Ingredients to prepare
You will need to get a few ingredients from the supermarket, most probably an Asian/Japanese one.
- 40g bonito flakes (adjust amounts below accordingly if making a bigger batch)
- They look like the picture below
- 2 tbsp mirin
- 2 tbsp soy sauce
- 1 tbsp cooking sake
- 1 tbsp sugar
- 2 tbsp water
- White sesame seeds and shredded seaweed
This will be a very easy recipe:
- In a small saucepan, add the mirin, soy sauce, cooking sake, sugar and water. Low to medium heat. Bring to boil while mixing.
- Add 40g of bonito flakes to a frying pan on low heat.
- Add the sauce mixture to the bonito flakes.
- Keep mixing with chopsticks on low heat until almost dried out, about 5-10mins. If you use a spatula, it may stick quite a lot, so use a pair of chopsticks.
- Add the sesame seeds and shredded seaweed.
- Mix for another 2-3 minutes until well distributed.
- Transfer to an airtight container. These will keep for at least a month in the fridge, or freeze it, but it's highly likely they will be devoured before that.
Here are some ideas on what to use your newly made furikake for.
- Sprinkle on rice. This is the most basic but most common way to use furikake.
- Onigiri rice ball. While you can sprinkle furikake onto a neatly moulded onigiri, you can also mix it up into the rice beforehand so that you get a really tasty riceball.
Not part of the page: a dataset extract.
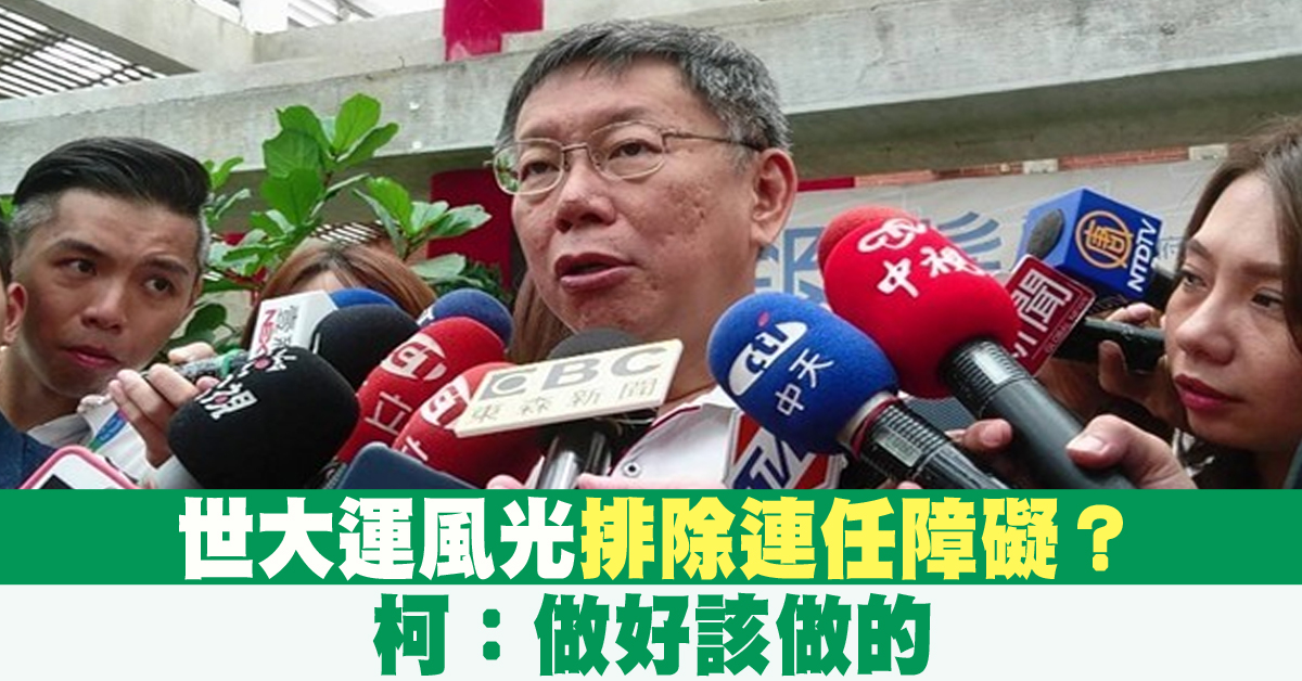 【新唐人亞太台 2017 年 08 月 31 日訊】歡迎回來。世大運昨晚風光落幕,從一開始不被看好,到最後好評如潮,連帶讓台北市長柯文哲的聲勢,水漲船高,就有平面媒體認為,世大運圓滿落幕,無疑為柯文哲掃除連任障礙,但柯文哲說距離選舉還很早,還是先做好每天的事情再說。

Plus it will look very appetizing too when organizing your bento box.
- Soba salad. This is a great dish in summer. After boiling the soba noodles, you can mix it with tomato and lettuce. With a soba salad, you can pour a wafu dressing (made with soy sauce, rice vinegar, sesame oil and mirin) onto the salad/noodle mix. You can then sprinkle some furikake onto the noodles, and this adds some texture and an added flavour to the salad.
- Hot chips/French fries. You wouldn’t think it, but the combination of fried potato and furikake is absolutely divine.
- Cold tofu (“Hiya yakko”). This is a cold dish of just tofu and soy sauce with a simple topping of ginger or spring onions. You can also complement it with a bit of furikake.
- Steamed vegetables. Again, just sprinkle over any steamed vegetable like broccoli or spinach, and it will add a lot more texture and umami.
- Mix with a dip like mayonnaise. Ok, there may be a limit on the type of dip you can mix with furikake, but mayonnaise is definitely one you can. It adds a bit of crunch and salty/sweet flavour.
As you can see, there really isn’t any limitation of how to use furikake, and it’s as simple as sprinkling over your dish (hence ‘furikake’!).
Japanese furikake is a versatile condiment that adds depth, flavour, and texture to a wide range of dishes, including your bento. With this simple recipe, can start to create your own variations and spruce up your meals. So, why not sprinkle some furikake over your next dish and savour a delightful flavour of Japan?